The Road Warrior influences are obvious throughout the movie. There is talk of the apocalypse and that car—called the “Medusa”—is straight out of George Miller’s action masterpieces, a ‘72 Buick Skylark loaded with flamethrowers, front dash surveillance cameras and an integrated smoke screen generator.

“When I saw The Road Warrior for the first time, I was pretty excited,” recalls Glodell. While he’s fond of Mad Max and Mad Max Beyond Thunderdome, the third entry in the series, “It’s really all about the second film,” he says.

Since he worked with close friends on Bellflower, one wonders if the actors’ characters in the film are based on themselves. “The characters are based on people I knew,” says Glodell, who has completed another script he hopes to get underway after he’s done promoting Bellflower. “The line gets blurred.

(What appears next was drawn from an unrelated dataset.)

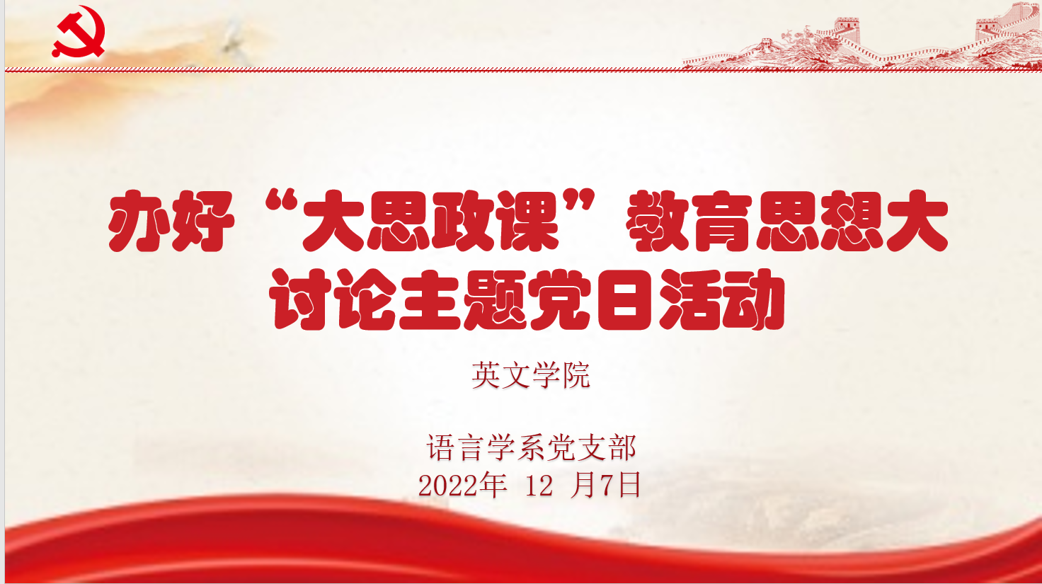 12月7日下午,英文学院国别与跨文化研究系(支部)、英语文学系(支部)、翻译系(支部)、语言学系(支部)、写作教研室(支部)与大学英语教研室(支部)通过线上的方式,组织开展了本学期第15周政治理论学习暨教育思想大讨论活动。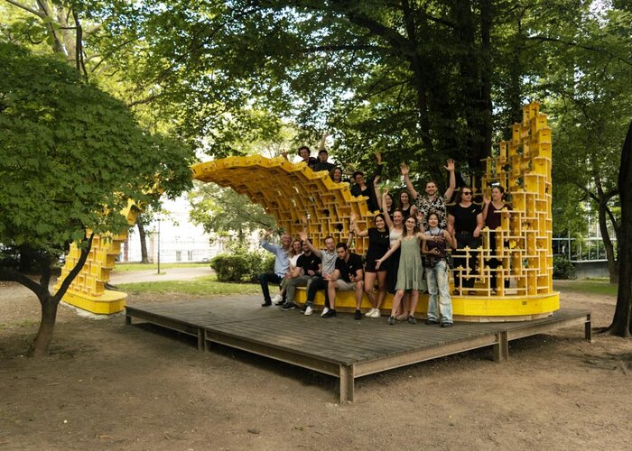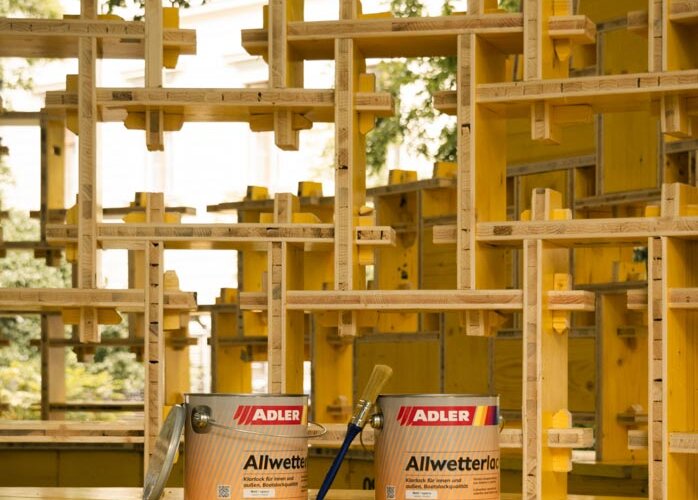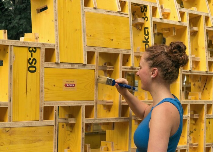 Im Rahmen des Masterstudios im Sommersemester 2024 widmeten sie sich der Herausforderung, „das tiefe und oft schmerzhafte Gefühl der Einsamkeit in eine monumentale Form zu übersetzen“. Das „Monument to Loneliness“ soll ein Ort des Nachdenkens und der Begegnung sein, der die Facetten der Einsamkeit architektonisch erlebbar macht. Die Teile wurden aus gelben Schalungstafeln gefräst. Um längere Haltbarkeit zu garantieren, mussten die Kanten beschichtet werden – ADLER stellte dafür Allwetterlack zur Verfügung.

One character is based on my childhood best friend.”

Glodell claims he’s never had a strong desire to act—especially as the lead in his own film, but there really was no other choice the first time out, considering the tight budget.

“I was apprehensive about it,” he says. “It sounded like such a challenge, but I wanted to do it because I knew the script so closely. That was not the biggest logistical challenge with Bellflower, but the one I was most skeptical about. I don’t plan to do that in my second film.”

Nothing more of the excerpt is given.